More about HKUST
Techniques and Applications of Random Sampling on Massive Data
PhD Thesis Proposal Defence
Title: "Techniques and Applications of Random Sampling on Massive Data"
by
Mr. Lu WANG
Abstract:
Living in the era of big data, we often need to process and analyze data
sets that have never been so large and fast-growing. Random sampling has
thus received much attention as an effective tool for turning big data
"small". It allows us to significantly reduce the size of input while
maintaining the main features of the original data set we need. It is also
easy to trade off between the computation complexity and the accuracy of
the result, by tweaking the sample size.
Although random sampling is a classical problem with a long history, it
has received revived attention lately motivated by new applications as
well as new constraints in the big data era. This thesis presents several
new techniques and applications of random sampling: (1) a new randomized
streaming algorithm for finding approximate quantiles in a data stream,
which achieves the smallest space complexity of all such algorithms; (2)
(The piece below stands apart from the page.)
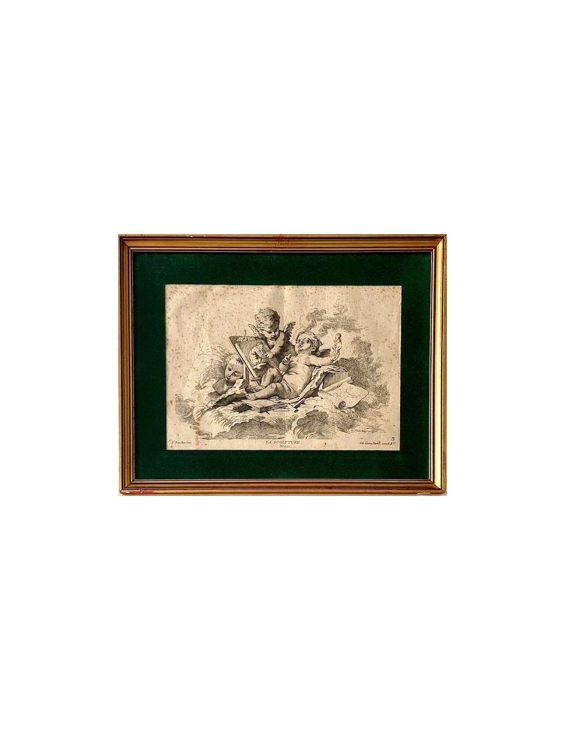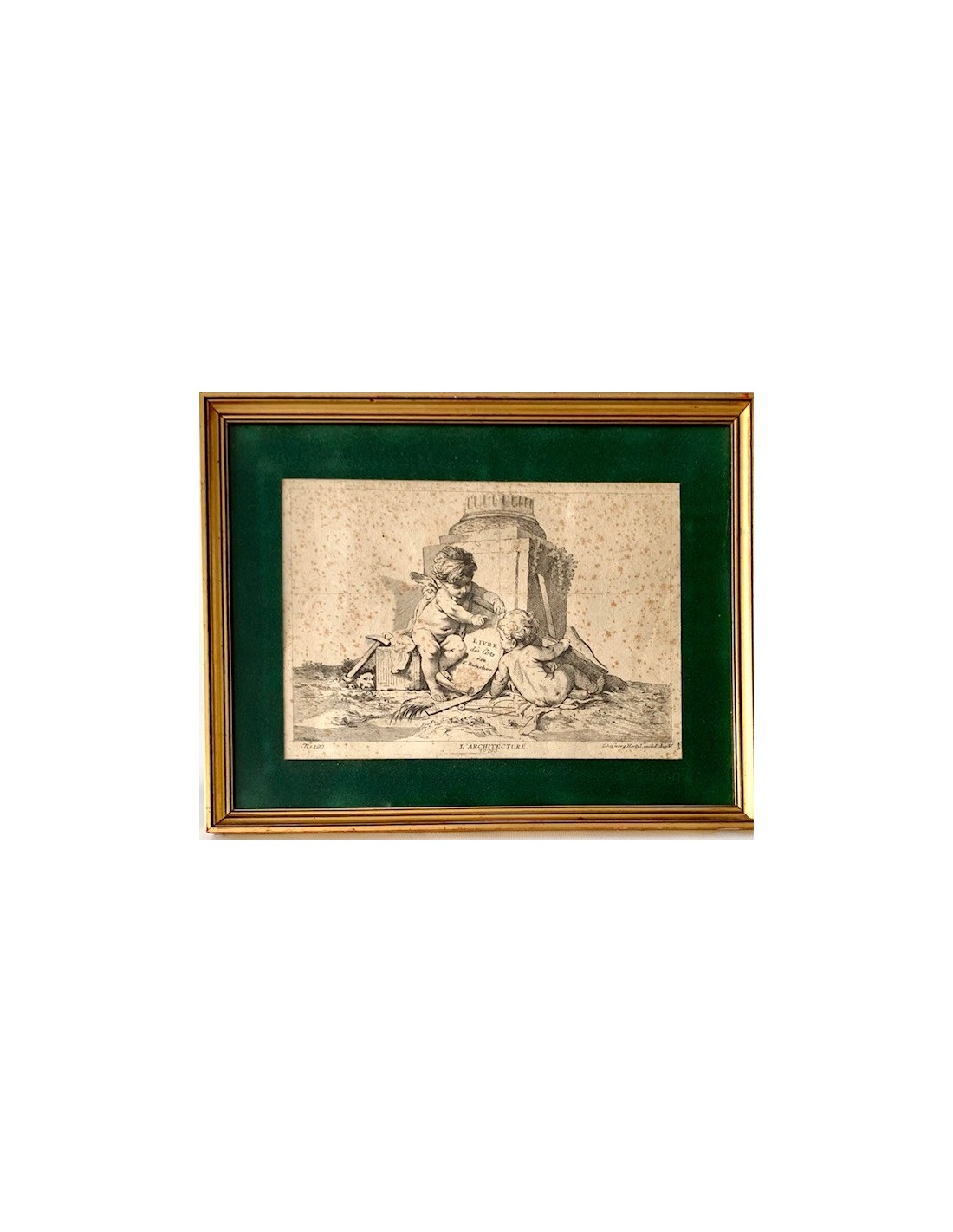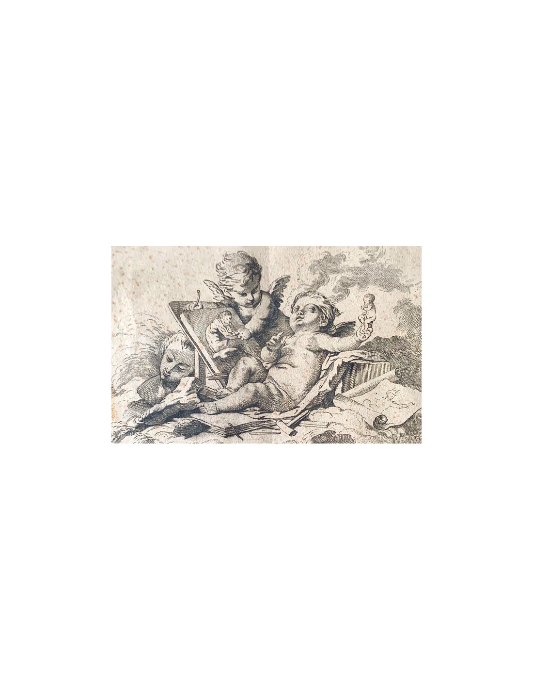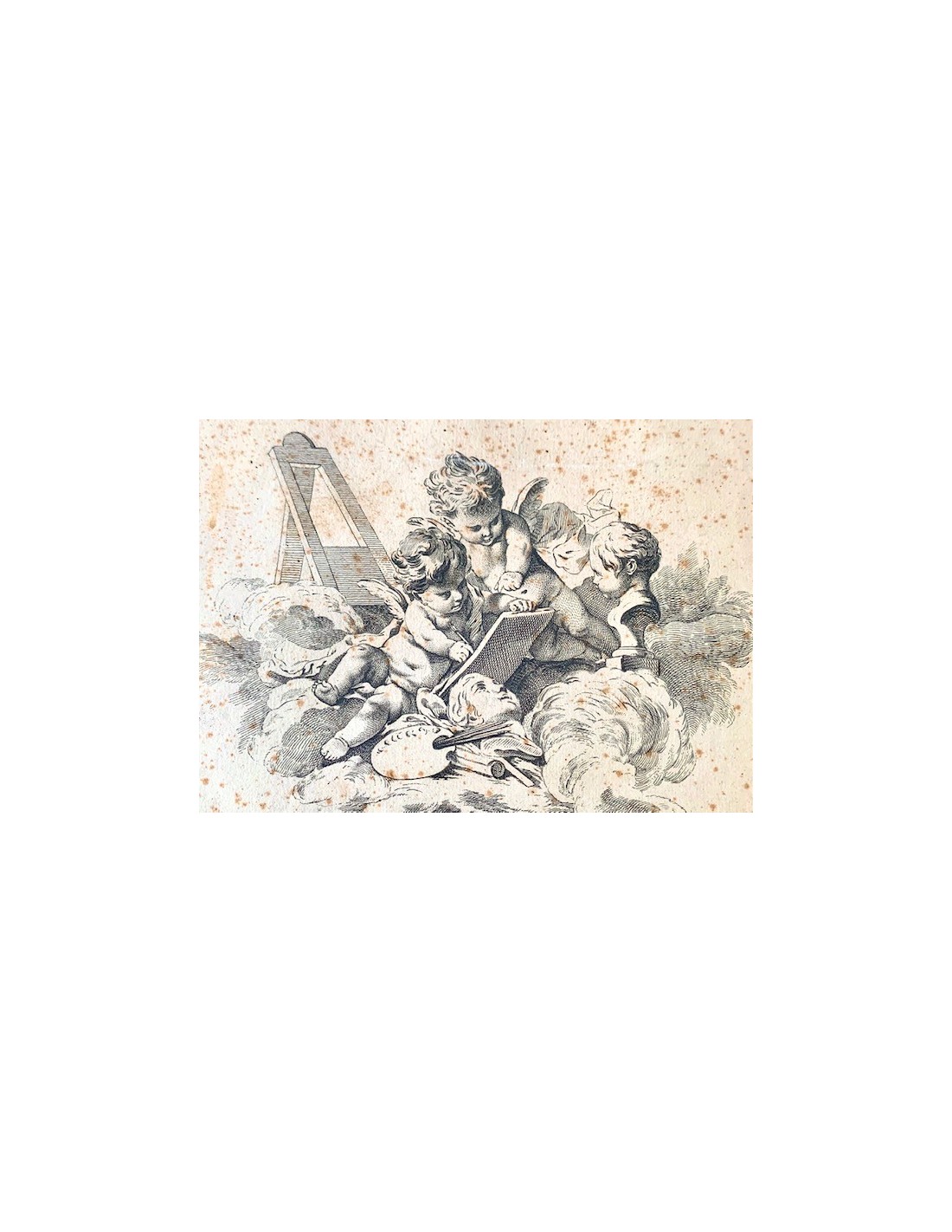 Grabados franceses de finales del siglo XVIII, alegoría de la arquitectura, la pintura y la escultura, ángeles con atributos de las tres artes, alguna pequeña mancha en el papel normal por la epoca, en general buen estado de conservación.

an augmented B-tree index that, for any given range query, returns a
sampling-based summary containing the quantiles and heavy hitters of all
tuples in the query range; and (3) an sample-augmented R-tree that, given
any range query, returns random samples from the query range in an online
fashion. Apart from the description and analysis of each algorithm we
propose, experimental results are also provided, confirming the advantages
of the new algorithms.
Date: Tuesday, 13 January 2015
Time: 10:00am - 12:00noon
Venue: Room 3494
lifts 25/26
Committee Members: Dr. Ke Yi (Supervisor)
Prof. Siu-Wing Cheng (Chairperson)
Prof. Dimitris Papadias
Dr. Raymond Wong
**** ALL are Welcome ****